Mental Health Month: How Are You Guiding Individuals With the Most Need?

Mental Health Month: How Are You Guiding Individuals With the Most Need?

Every May, Mental Health Month offers a moment to pause and acknowledge something that healthcare systems and communities have historically treated as secondary: behavioral health (mental health + substance use challenges) is a core dimension of human health and cannot be separated from physical care without incurring financial and health costs.

That cost is measurable. It shows up in emergency department utilization, in readmission rates, in the worsening outcomes of individuals managing chronic conditions and in the experiences of overwhelmed care teams trying to help people with needs that extend well beyond what a single appointment can address.

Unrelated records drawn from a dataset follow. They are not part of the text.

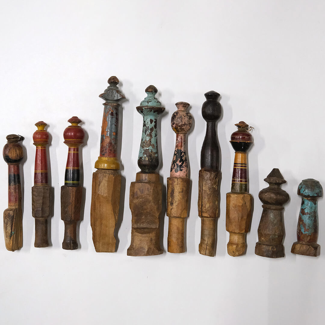 Original gamle og meget dekorative træpinde med et sjovt og unikt look. Træpindene har været brugt som dekoration på gamle indiske møbler. Pindende købes i en pakke a 10 styk og er alle forskellige i farver og udskæringer. Brug dem som deko og giv indretningen et stemningsfyldt og unikt præg.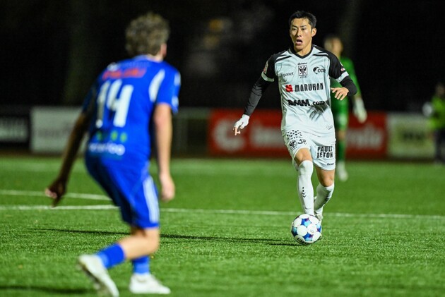 ◆ 前半は立ち上がりからボールを支配し、主導権を握る展開。クノックFCは多くの選手を自陣に残してゴール前を固め、守備に徹した。6分には伊藤がゴール前でFKを放つも、惜しくもポスト直撃。15分にはコーナーキックのこぼれ球からムジャがシュートを狙うが、わずかにバーの上。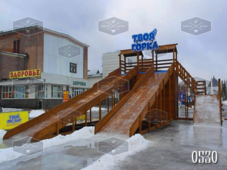 Большая трехскатная деревянная горка. Скаты 15,12 и 4 м (ширина каждого 2,0 м)
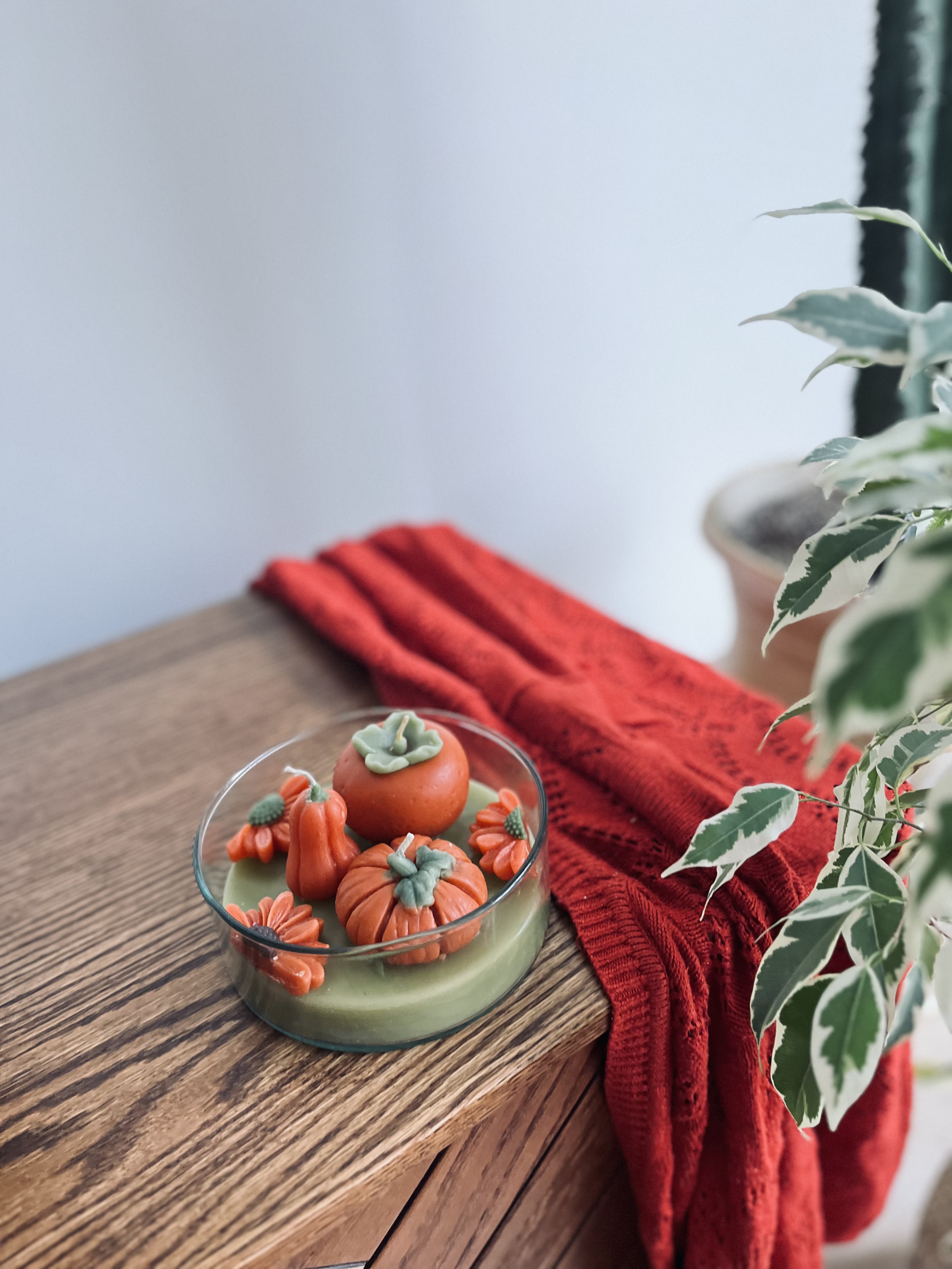 جار شمع پاییزی خرمالو و کدو با قطر ۱۵ سانتی متر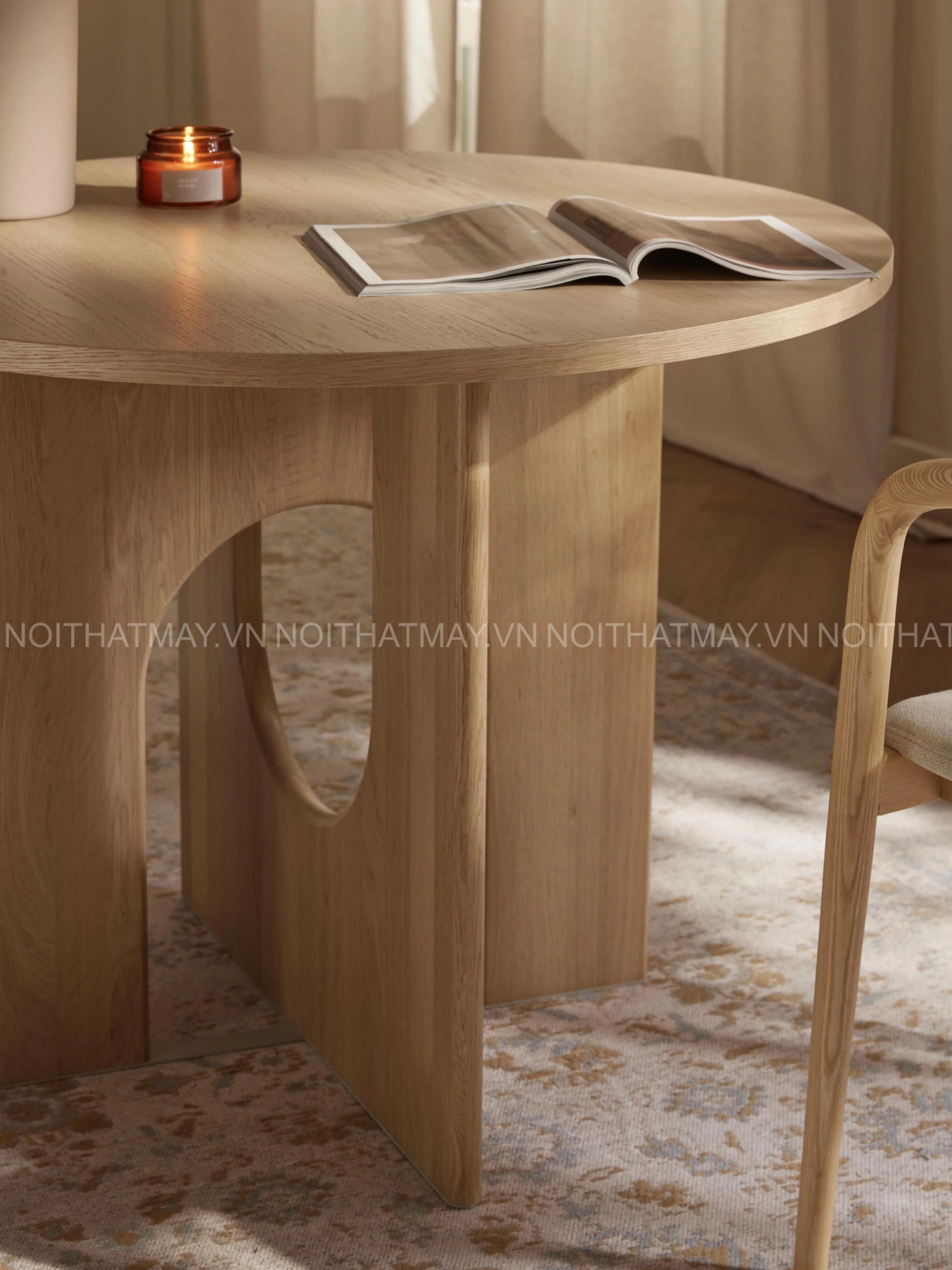 Mặt bàn được chế tác từ gỗ Sồi (Oak) tự nhiên tuyển chọn, nổi bật với những đường vân gỗ sắc nét và uốn lượn tràn đầy sức sống. Bề mặt bàn được xử lý tỉ mỉ, bo nhẹ các cạnh mang lại cảm giác an toàn và mượt mà khi chạm vào, đồng thời giữ được trọn vẹn vẻ đẹp thô mộc nhưng sang trọng của gỗ sồi cao cấp.
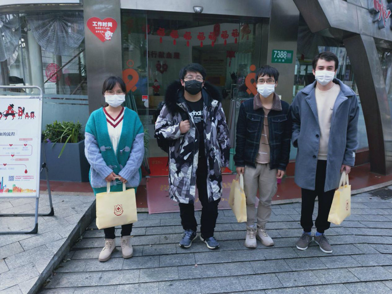 肖开提艾尼同学:“嗯嗯,有。梅陇献血点是采取分批预约献血的形式进行采血的,我们同校的6个同学几个一起在3月7日预约了10号的献血。公司还为我们安排了专车,我们每一个人出门前都量了体温;上车后,隔开而坐;全程都佩戴着口罩。”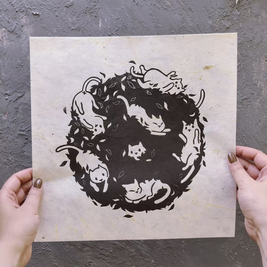 Cats In A Bush Linocut Print ✷ 60% Off!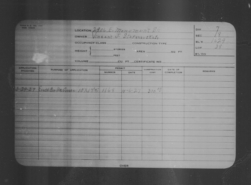 Baltimore City Archives (Baltimore City Property Building Permits) brg48_bca659-1815 Enlarge and print image (135K)      |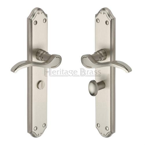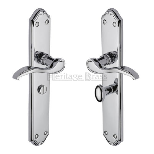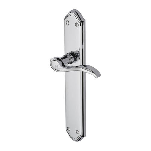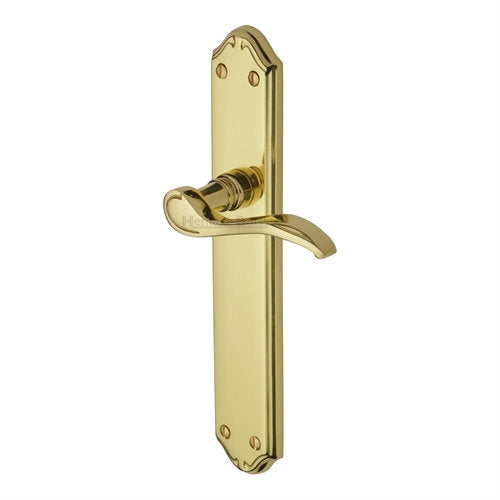 A set of two heritage brass 'Verona' design lever handles on long back plate. Supplied complete with 8mm spindle bar and all relevant fixings.
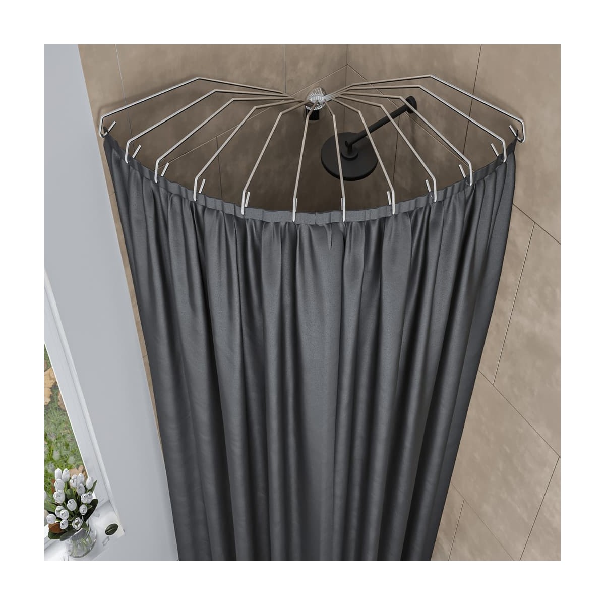 La barra de cortina de ducha Umbrella de Sealskin es la solución ideal para colgar una cortina de ducha cuando hay un baño con espacio limitado. De esta manera, podrás crear un cubículo de ducha en tu baño para poder disfrutar de una relajante ducha sin que todo tu baño se salpice. Pero incluso en una zona de ducha normal, el sistema colgante de cortinas de ducha cromadas es una buena alternativa a la barra de ducha clásica debido a su pequeña superficie: cuando no está en uso, simplemente se puede girar a un lado. Se incluyen los tornillos y tapones para un montaje seguro en la pared. Los 12 rieles incluidos aguantan una cortina de ducha con un ancho máximo de 155 cm.

What Behavioral Health Actually Encompasses

The prevalence of co-occurring mental health and substance use disorders affects 7.6% of U.S. adults, representing 19.4 million people, according to the CDC. This also means nearly 20 million individuals typically follow complex care journeys, if they receive care at all.

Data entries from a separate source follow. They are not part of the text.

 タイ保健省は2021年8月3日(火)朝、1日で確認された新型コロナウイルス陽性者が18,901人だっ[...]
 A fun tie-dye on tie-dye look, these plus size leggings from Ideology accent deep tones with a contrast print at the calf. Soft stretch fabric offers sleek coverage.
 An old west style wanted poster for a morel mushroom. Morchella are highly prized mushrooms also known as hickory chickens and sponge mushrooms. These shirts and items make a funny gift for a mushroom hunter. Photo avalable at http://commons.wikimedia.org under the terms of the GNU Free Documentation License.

Depression complicates diabetes management. Anxiety increases cardiac risk. Untreated substance use disorder drives avoidable hospitalizations. Trauma shapes how individuals in need engage with care and whether they follow through on treatment at all. These are central to why some individuals consistently cycle through high-cost care settings without ever achieving stability. Each of these challenges intersects with physical health in ways that clinicians encounter daily but that care systems were not always designed to address together.

Trending Challenges Worth Watching

Several behavioral health trends are reshaping care delivery in ways that warrant attention:

  • Youth mental health continues to worsen. Rates of anxiety, depression and suicidal ideation among adolescents remain at historically elevated levels, placing new demands on school systems, pediatric providers and community behavioral health organizations that were not designed to handle this volume.
  • Stimulant use disorder is rising. While opioid-related harm continues to demand urgent attention, methamphetamine and cocaine use have increased significantly. Unlike opioid use disorder, there are currently no FDA-approved medications to treat stimulant use disorder, making community-based support and care coordination even more critical.
  • Loneliness and social isolation are being recognized as clinical risk factors. New research continues to reinforce the connection between chronic loneliness and serious health outcomes, including cardiovascular disease and accelerated cognitive decline.
  • Workforce burnout in behavioral health is reaching crisis levels. High caseloads, inadequate reimbursement and administrative burden are driving experienced clinicians out of the field at a time when demand is at its highest.

Beyond the Standard of Whole-Person Care

The concept of whole-person care has been discussed in healthcare for decades, but implementation has lagged significantly behind intention. Behavioral health has too often been addressed through referrals that never connect, follow-ups that never happen and data that never reaches the right provider at the right time.

Closing that gap requires more than good intentions. It requires action. Systems and communities need shared visibility across care settings, real-time information about when individuals experience behavioral health crises or substance use events and the ability to coordinate responses across agencies and provider types that have historically operated independently.

When physical and behavioral health data are unified, care teams can make better decisions. When community-based organizations have real-time information about what is happening with an individual across the broader system, they can intervene before a crisis escalates. When crisis response systems are connected to treatment capacity in real time, individuals in crisis are more likely to receive appropriate care rather than end up in emergency departments or jails.

This month is a good time to ask not just how your organization is addressing mental health, but how it is approaching the full spectrum of behavioral health needs and whether the infrastructure exists to act on that commitment consistently, not just in theory.